The car finally screeched to a stop in front of an abandoned-looking building. The door flung open.

"Get down now!" one of them barked.

We were shoved out roughly and dragged into a dark, musty room with a single flickering bulb overhead.

"Kneel down!" they screamed again.

I fell to my knees, trembling. My heart was thudding so loud, I was sure they could hear it. I kept muttering under my breath,

"Jesus, please… Jesus, help me…"

"Ok Ruth, you'll be okay… just stay calm… just stay calm…"

Then the door creaked, and another man stepped in — taller, colder, dead in the eyes.

He stared directly at David.

"David. Where is my money?"

David's voice shook. "Please… I'll give you. Just give me time."

"I don't have time," the man growled. "I need my money now."

Then they began hitting him.

One slap. A kick. Another punch.

"Pay the money!"

I tried to crawl away, my arms weak from fear.

Then one of the men — the huge one who'd dragged me earlier — turned to the leader.

"Why not let him pay with his friend here?"

His eyes trailed over me like a predator.

"Let her be for me… and then you go. All debt off your head."

My head snapped up.

"No… no!" I screamed.

"Answer fast, David," the man said coldly. "It's either the money… or the girl."

David looked at me.

Right at me.

Then he said, "Okay."

Just like that.

I stared at him, my eyes wide.

"David…?"

I whispered, my throat dry.

He didn't look away. He stood up… and smiled.

"At least I'm free from my debts," he said.

I felt like my heart cracked open.

"David! No! Don't do this—please—"

But he turned his back.

He walked to the door.

And he left me there.

Alone.

With them.

Tears ran down my face. Not just from fear… but from betrayal.

I had once prayed for this boy. I had called him Brother David.

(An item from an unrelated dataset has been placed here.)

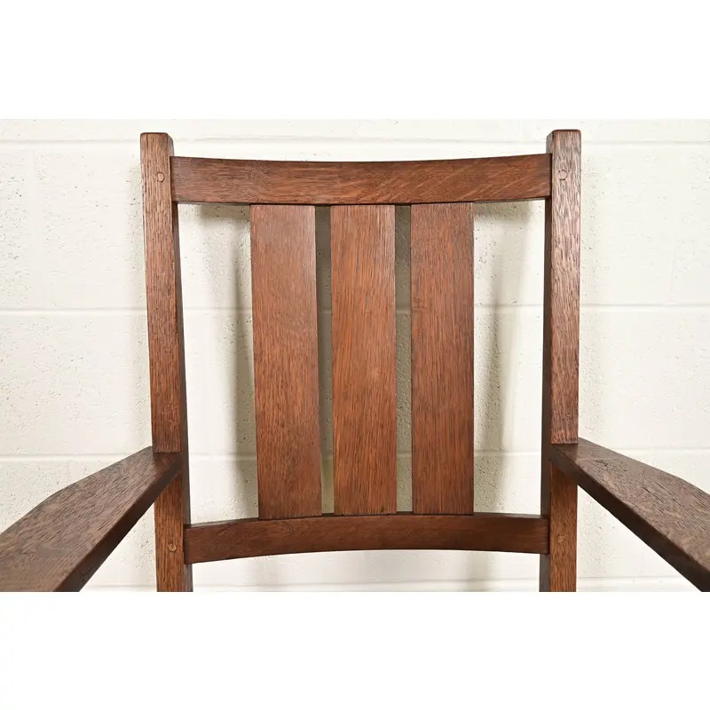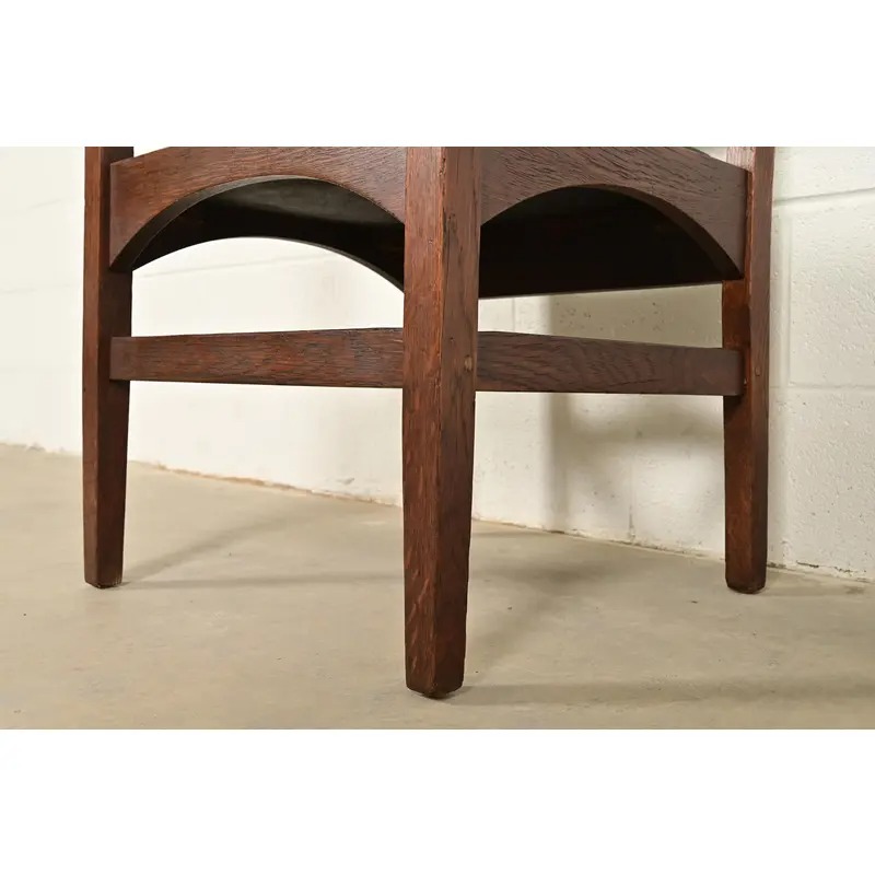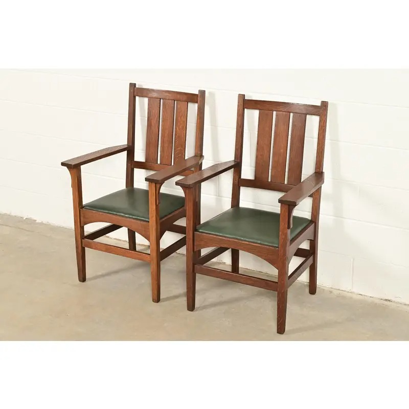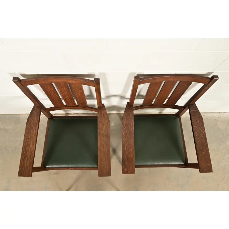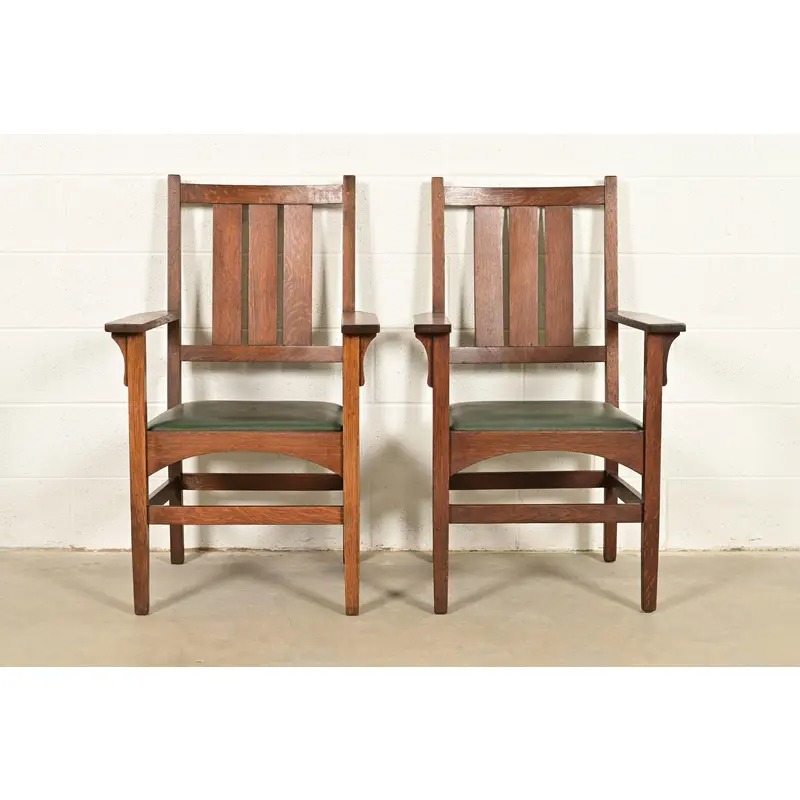 A rare and exceptional pair of antique Mission or Arts & Crafts period armchairs or dining captain chairs

Now I was just the payment.

God… where are You? Please… don't let this be happen

I don't know how long I was out.

But when I opened my eyes, the room was dim. My head was heavy. My limbs, weak.

Something wasn't right.

Where am I?

I tried to sit up my hands trembled. My mouth was dry. The walls around me were bare.

Then I heard footsteps.

The door creaked open.

A woman entered first, her eyes scanning me from head to toe. Then a man walked in behind her.

The woman smirked,

"Na she be the virgin wey you talk about?"

The man grinned.

"Yes now, na why the money high."

My stomach twisted.

"No problem," the man said.

The woman turned and left, shutting the door.

It was just me and him.

He stepped closer, slowly, like a hunter cornering prey.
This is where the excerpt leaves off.